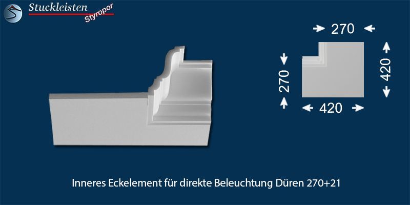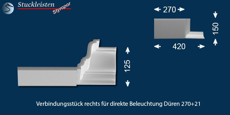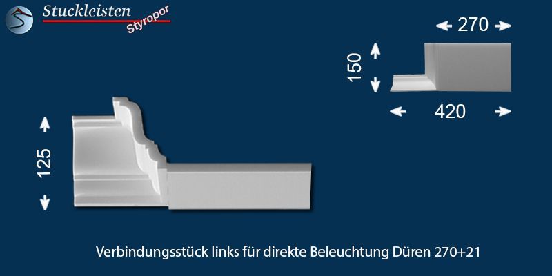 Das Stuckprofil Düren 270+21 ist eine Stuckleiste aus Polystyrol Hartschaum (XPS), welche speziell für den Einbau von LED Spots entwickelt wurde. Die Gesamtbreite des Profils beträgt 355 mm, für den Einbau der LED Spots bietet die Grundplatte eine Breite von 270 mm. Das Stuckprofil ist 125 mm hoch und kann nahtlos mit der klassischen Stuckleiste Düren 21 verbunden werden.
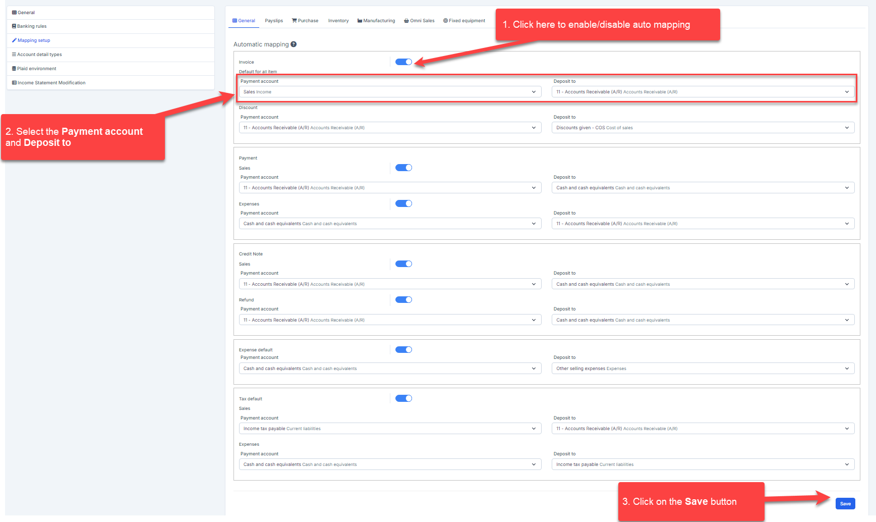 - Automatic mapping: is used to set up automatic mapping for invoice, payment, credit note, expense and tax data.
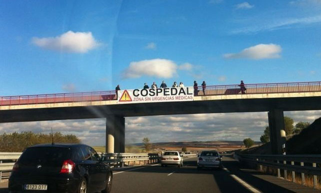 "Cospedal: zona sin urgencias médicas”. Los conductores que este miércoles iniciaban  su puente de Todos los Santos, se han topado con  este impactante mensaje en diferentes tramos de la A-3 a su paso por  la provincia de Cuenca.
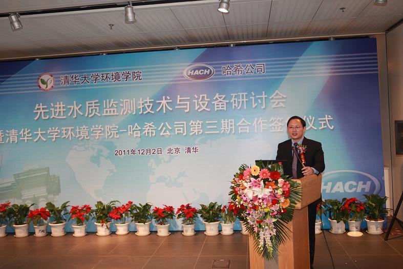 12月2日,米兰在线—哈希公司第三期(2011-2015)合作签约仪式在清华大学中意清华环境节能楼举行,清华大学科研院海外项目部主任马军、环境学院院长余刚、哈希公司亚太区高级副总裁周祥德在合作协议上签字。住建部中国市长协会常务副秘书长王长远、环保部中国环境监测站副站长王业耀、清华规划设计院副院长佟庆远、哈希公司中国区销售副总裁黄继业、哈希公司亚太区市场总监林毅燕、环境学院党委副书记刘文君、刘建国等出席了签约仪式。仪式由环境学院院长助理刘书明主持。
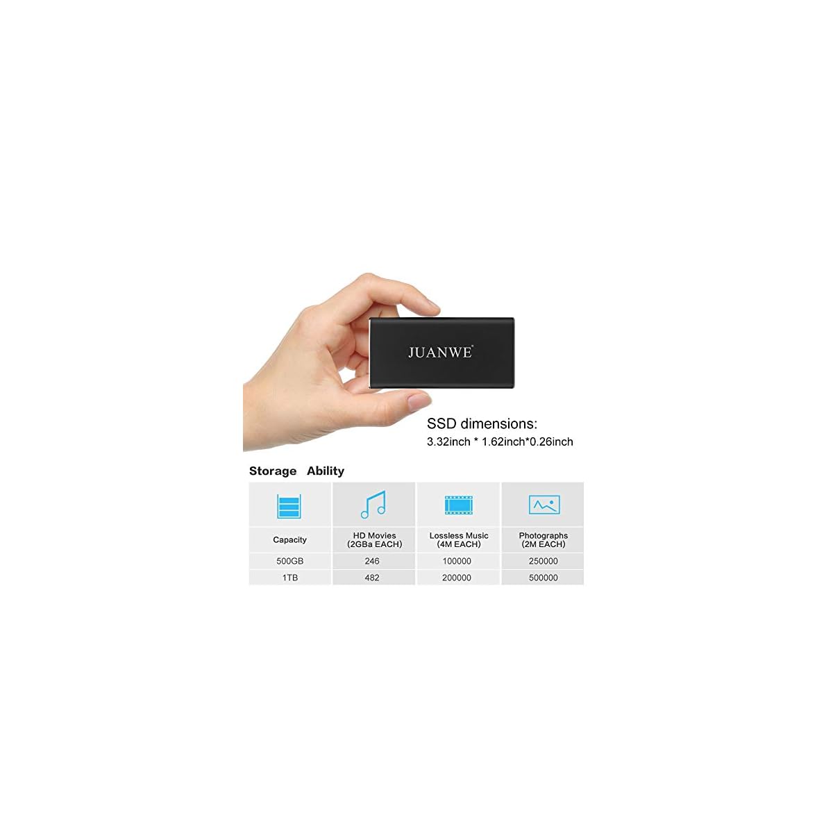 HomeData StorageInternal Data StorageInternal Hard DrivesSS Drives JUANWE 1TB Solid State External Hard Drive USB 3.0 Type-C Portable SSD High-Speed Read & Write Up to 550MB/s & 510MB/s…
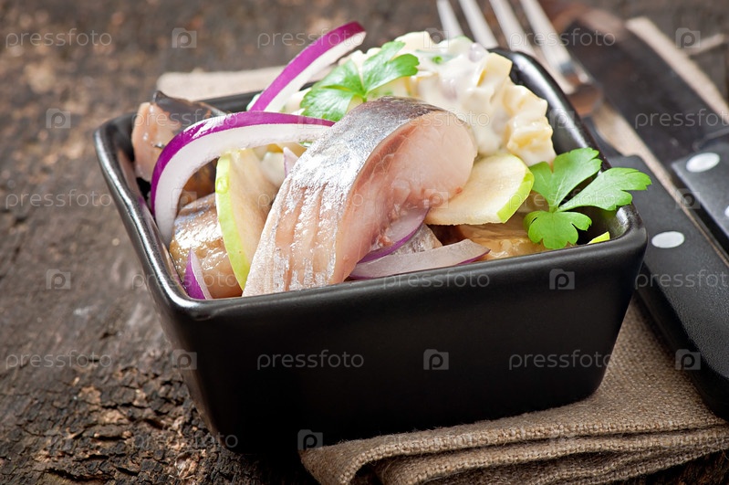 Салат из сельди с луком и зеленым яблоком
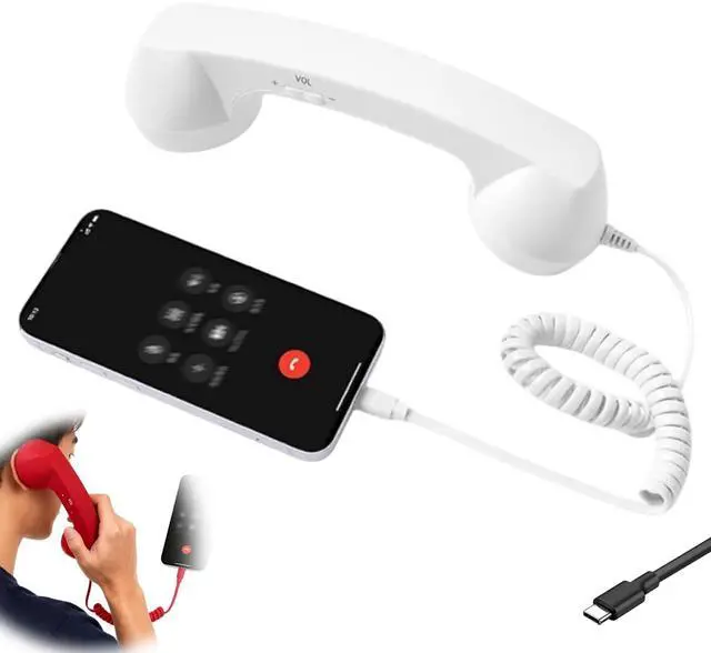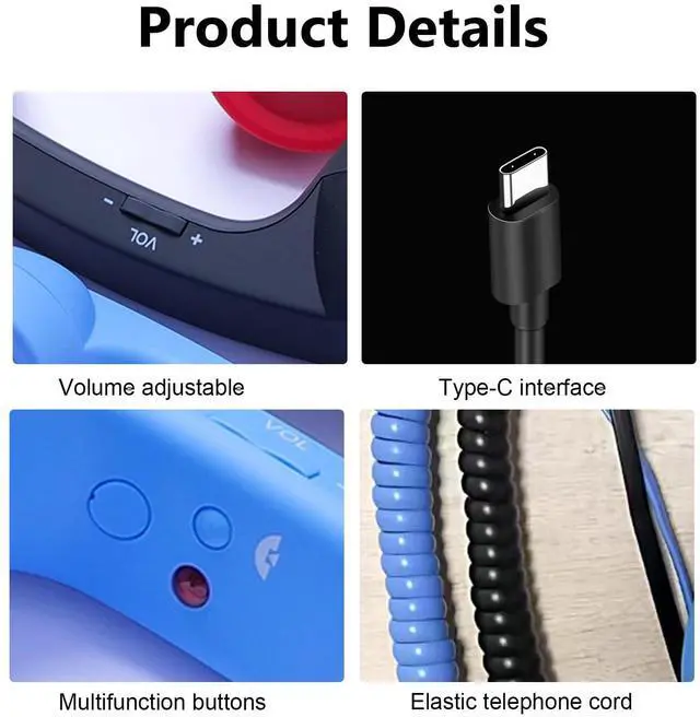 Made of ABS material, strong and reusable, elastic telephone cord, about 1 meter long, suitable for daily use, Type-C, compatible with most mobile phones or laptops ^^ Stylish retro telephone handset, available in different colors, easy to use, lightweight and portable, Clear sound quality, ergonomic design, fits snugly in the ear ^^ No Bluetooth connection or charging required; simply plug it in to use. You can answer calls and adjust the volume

# # #

* BRIEF
Find where the line with "HomeData StorageInternal Data" sits in the material above and where the line with "Салат из сельди с луком и зеленым яблоком" sits. Set down exactly the lines from the first to the second, both included and nothing else, without pictures.

* COMPLETED EXERCISE
 HomeData StorageInternal Data StorageInternal Hard DrivesSS Drives JUANWE 1TB Solid State External Hard Drive USB 3.0 Type-C Portable SSD High-Speed Read & Write Up to 550MB/s & 510MB/s…
 Салат из сельди с луком и зеленым яблоком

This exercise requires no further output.